# tea light terrified



## JAGGER777 (Oct 5, 2010)

Hi I am new to the forum, I came across the tea light hack, and I had a couple questions. I sent a pm to otaku but I figure the more knowledge the better right? I know nothing about wiring, but I'm trying to run 5 flicker tea lights ( http://www.lamplust.com/battery-oper...er-p-1104.html ) with timers and want them to run to a 12V DC Adapter ( http://www.modeltrainsoftware.com/12vdcadapter.html ) so I can plug in the candelabra. the led calc gave me this. +----|>|----|>|----|>|----|>|---/\/\/----+ R = 1 ohms
+----|>|------------------------/\/\/----+ R = 470 ohms
My question is so if I read this right I can use 1 wire that goes from negative to resistor to 4 of the leds and then to positive, and then 1 wire from negative to resister to led to positive. So I would need only 2 wires? I would have thought the resistor went on the positive end before the leds but the diagram leads me to believe otherwise. also do the length of the wire runs make any difference? it's a 2 ft geometric squares wall candle holder with plenty of space between holders. thought I'd run the wires along the metal squares to the different holders so you can't see them. oh also what kind of wire do I need? thanks for any help you guys might give me. in retrospect i was thinking I could have used non timered tea lights andjust put a light timer on the plug outlet but ahh well.


----------



## corey872 (Jan 10, 2010)

Well, 'technically' you are correct in the set-up. Though I think you are going to run into a couple of issues because the LED's are 'flicker'.

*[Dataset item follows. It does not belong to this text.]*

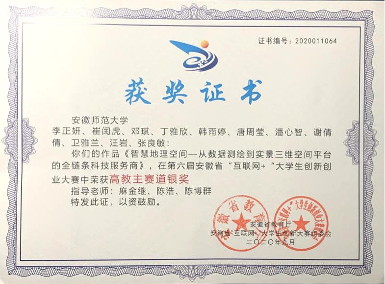 本网讯(地旅学院 李正妍)近日,由安徽省教育厅与合肥市人民政府联合主办,合肥工业大学、合肥学院、合肥职业技术学院和合肥市教育局共同承办的第六届中国国际“互联网+”大学生创新创业大赛选拔赛暨安徽省“互联网+”大学生创新创业大赛圆满落下帷幕。2017级地理信息科学专业李正妍、崔闰虎、2018级地理信息科学专业邓琪等同学,在我校番茄小说

I'm thinking when you put several flicker LED's in series - when one LED starts to flicker, it will automatically be cutting current to the others in the string. With 4 in a string, you'll probably just get a dim glow - if anything at all. Secondly, we've had some posts of flashing LED's which refuse to work if the '-' side of the LED isn't tied directly to ground. So, going "+..LED...resistor...-" would cause the flashing LED not to work, and might cause issues with a flickering LED, too (I think it tweaks the little micro-circuit inside the LED). I have not specifically heard of issues with flicker leds, but I'd think the best way would be to put the resistor on the + side and leave the - side always tied directly to ground. In summary...flickering / flashing LEDs in series...probably won't work....resistor on ground may also be bad.

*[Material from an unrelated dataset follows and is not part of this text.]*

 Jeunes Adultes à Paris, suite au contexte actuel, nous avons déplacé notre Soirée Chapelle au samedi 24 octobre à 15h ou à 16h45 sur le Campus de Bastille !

So what to do? Well, the most trouble free set-up would be to run the 5 LED's in parallel. Just make up 5 strings of:

"+.....470 OHM.....LED....-"

There should not be any issues with wiring length, unless it's super small wire, or very long runs, but several feet of even 22AWG should be fine. As a double check, the 470 ohm resistor looks like it should be a good match for 12V supply and 3V LED. If you happened to have a 5V supply, that would be a little more closely matched to the LED and a little less power burned in the resistor - but we're talking a few tenths of a watt either way, so not a huge difference.

HTH


----------



## HomeyDaClown (Oct 3, 2009)

What he said.

Use one 470 ohm resistor on each tea light's positive terminal, tie all the negative (ground) terminals together. Then tie all the remaining resistor leads together to connect to your 12 volt positive.

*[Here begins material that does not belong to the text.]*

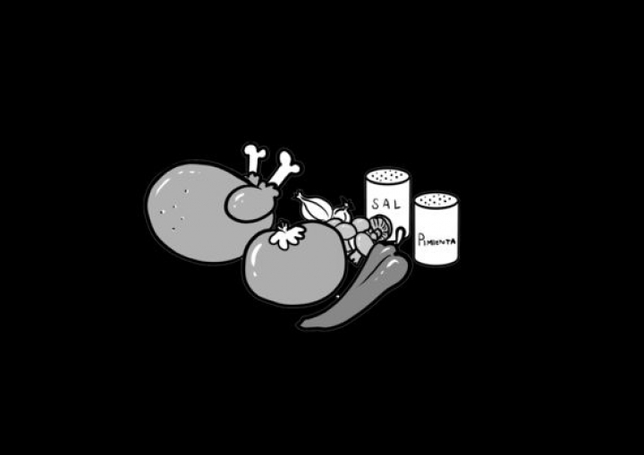 Para elaborar su plato, cada uno de los cocineros cuenta con un pollo, un tomate, un pimiento rojo, champiñones, sal, pimienta, cebolla y ajo.

Multiple flicker or flashing leds can act unpredictably when connected in series.
Parallel is the way to go.


----------



## scream1973 (Dec 23, 2007)

could you not put the resistor onto the main lead and then tie all of your wires off that main so the main would only be supplying 3.x volts vs using multiple resistors?

so like ----resistor ----< multiple leads


----------



## corey872 (Jan 10, 2010)

Again, 'technically' yes you could run one resistor - and if it was most any other circuit that would be the way to go. However, with LED's, they have an inverse temperature to resistance relation. Basically, the hotter they get, the less resistance they have.

You could probably get away with one resistor and a bunch of well matched LEDs - in fact I have done it to get by. But, if one LED draws a bit more power, it gets hotter, resistance drops, and it starts to draw more power...more heat....rinse, repeat, and suddenly that LED blows. The power is dumped on the remaining LEDs and they blow with ever increasing speed.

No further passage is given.